◆ RECORD SET ◆
BEGIN
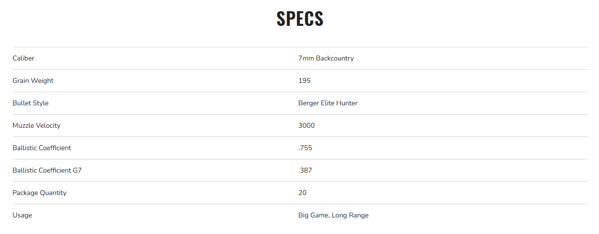 - 195-grain 7mm Backcountry offering
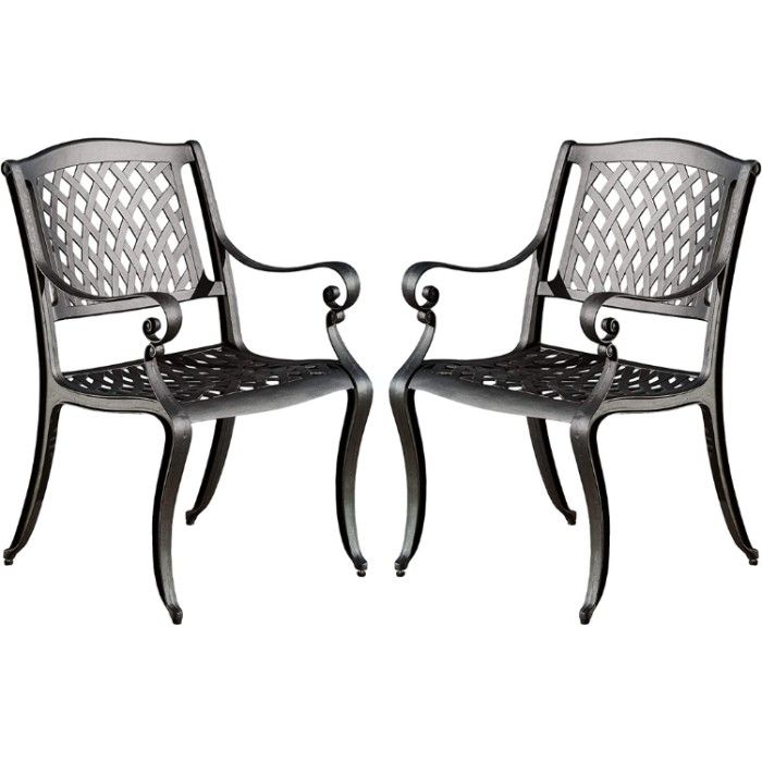 These chairs are crafted from sturdy, powder-coated cast aluminum metal, and feature a sleek black sand finish to give any outdoor space an elegant boost. The neutral colors blend seamlessly into any decor, while the intricate mesh seat and backrest add a touch of flair and character.
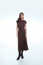 Съемные декоративные  манжеты придают романтичность и нарядность образу. Манжета  выполнена из атласной ткани  и декорирована "перьями". Платье А-силуэта. Рукав длинный расширенный  к низу.
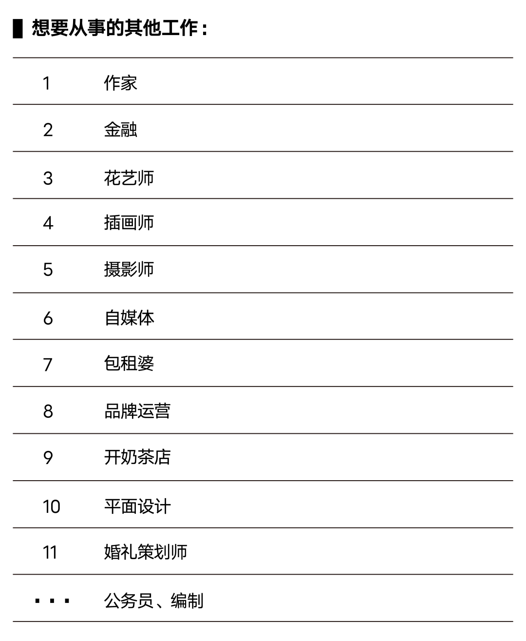 想要从事其他工作的方向也不少,作家,摄影师,插画师等等。哈哈哈哈哈,还有想当包租婆的,哦~姐妹,这也是我的梦想。
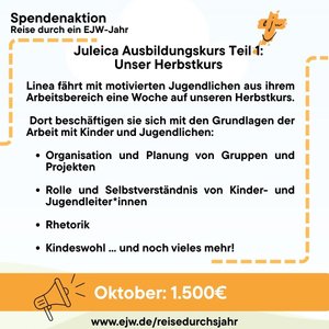 Viele Jugendliche haben sich entschieden, dieses Jahr ihre Jugendleitercard-Ausbildung bei uns im EJW zu machen. Auf dem Herbstkurs in unserem Freizeitzentrum Haus Heliand im Taunus haben sie sich mit vielen Fragen und Themen der evangelischen Jugendarbeit beschäftigt und zahlreiche Gelegenheiten gehabt, Dinge zu üben und auszuprobieren: Ablauf von Gruppenstunden, Rhetorik, Kindeswohl, einen Godi-Workshop und noch vieles mehr.
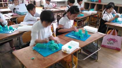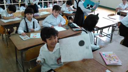 休み時間になると学校を探検していろんな学年の友だちをつくっている1年生。
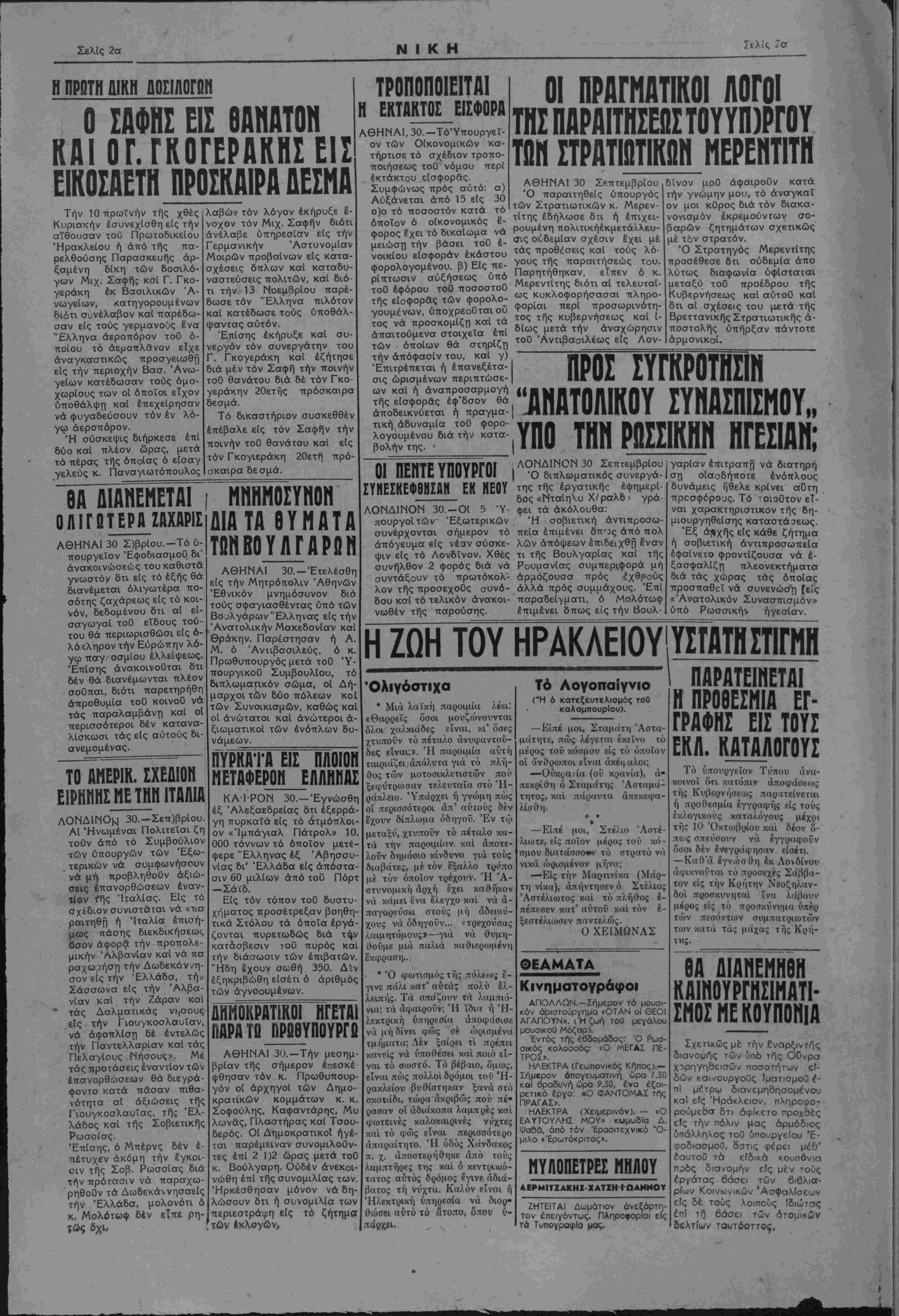 ά<ρικνοΰται τό προσεχές Σάββα¬ τον είς την Κρήτην Νβοζηλαν- δοί προσκυνηταί ίνα λάβουν μέρος είς τό προσκύνυμα υπέρ των πεσόντων συμπατριωτών των κατά τάς μάχας τής Κρή¬ της. ΙαΤΗΙΓ καινουργησιματι- σμοσ μεκουποηια Σχετικώς με την ϊνσρξιντης διανομης των υπό τής ΟΟνρα χορηγησεισών ποσοτήτων εΝ δών καινουργοϋς ίματισμοΰ ε¬ πί μέτρω διανεμηδησομένθυ καΐ είς Ηράκλειον, πληροφο¬ ρούμεθα δτι αφίκετο προχθές είς την πόλιν μας άρμόοιος υπόλληλος τοϋ ύπουργείου Έ- φοδιασμοϋ, δστις φέρει μέ8' έαυτοΰ τα είδικό κουπόνισ πρός διανομήν είς μέν τοΰς εργάτας βάσει των βιβλιατ- ρΐων Κοινωνικών ΆσφαλΙσεων είς δέ τοϋς λοιποϋς ιδιώτας επ! τγ] βάσει των ατομικήν δελτίων ταυτόοττος.
END
Please output all of the data exactly as given, omitting any images it holds.

◆ ANSWER BELOW ◆
 - 195-grain 7mm Backcountry offering
 These chairs are crafted from sturdy, powder-coated cast aluminum metal, and feature a sleek black sand finish to give any outdoor space an elegant boost. The neutral colors blend seamlessly into any decor, while the intricate mesh seat and backrest add a touch of flair and character.
 Съемные декоративные  манжеты придают романтичность и нарядность образу. Манжета  выполнена из атласной ткани  и декорирована "перьями". Платье А-силуэта. Рукав длинный расширенный  к низу.
 想要从事其他工作的方向也不少,作家,摄影师,插画师等等。哈哈哈哈哈,还有想当包租婆的,哦~姐妹,这也是我的梦想。
 Viele Jugendliche haben sich entschieden, dieses Jahr ihre Jugendleitercard-Ausbildung bei uns im EJW zu machen. Auf dem Herbstkurs in unserem Freizeitzentrum Haus Heliand im Taunus haben sie sich mit vielen Fragen und Themen der evangelischen Jugendarbeit beschäftigt und zahlreiche Gelegenheiten gehabt, Dinge zu üben und auszuprobieren: Ablauf von Gruppenstunden, Rhetorik, Kindeswohl, einen Godi-Workshop und noch vieles mehr.
 休み時間になると学校を探検していろんな学年の友だちをつくっている1年生。
 ά<ρικνοΰται τό προσεχές Σάββα¬ τον είς την Κρήτην Νβοζηλαν- δοί προσκυνηταί ίνα λάβουν μέρος είς τό προσκύνυμα υπέρ των πεσόντων συμπατριωτών των κατά τάς μάχας τής Κρή¬ της. ΙαΤΗΙΓ καινουργησιματι- σμοσ μεκουποηια Σχετικώς με την ϊνσρξιντης διανομης των υπό τής ΟΟνρα χορηγησεισών ποσοτήτων εΝ δών καινουργοϋς ίματισμοΰ ε¬ πί μέτρω διανεμηδησομένθυ καΐ είς Ηράκλειον, πληροφο¬ ρούμεθα δτι αφίκετο προχθές είς την πόλιν μας άρμόοιος υπόλληλος τοϋ ύπουργείου Έ- φοδιασμοϋ, δστις φέρει μέ8' έαυτοΰ τα είδικό κουπόνισ πρός διανομήν είς μέν τοΰς εργάτας βάσει των βιβλιατ- ρΐων Κοινωνικών ΆσφαλΙσεων είς δέ τοϋς λοιποϋς ιδιώτας επ! τγ] βάσει των ατομικήν δελτίων ταυτόοττος.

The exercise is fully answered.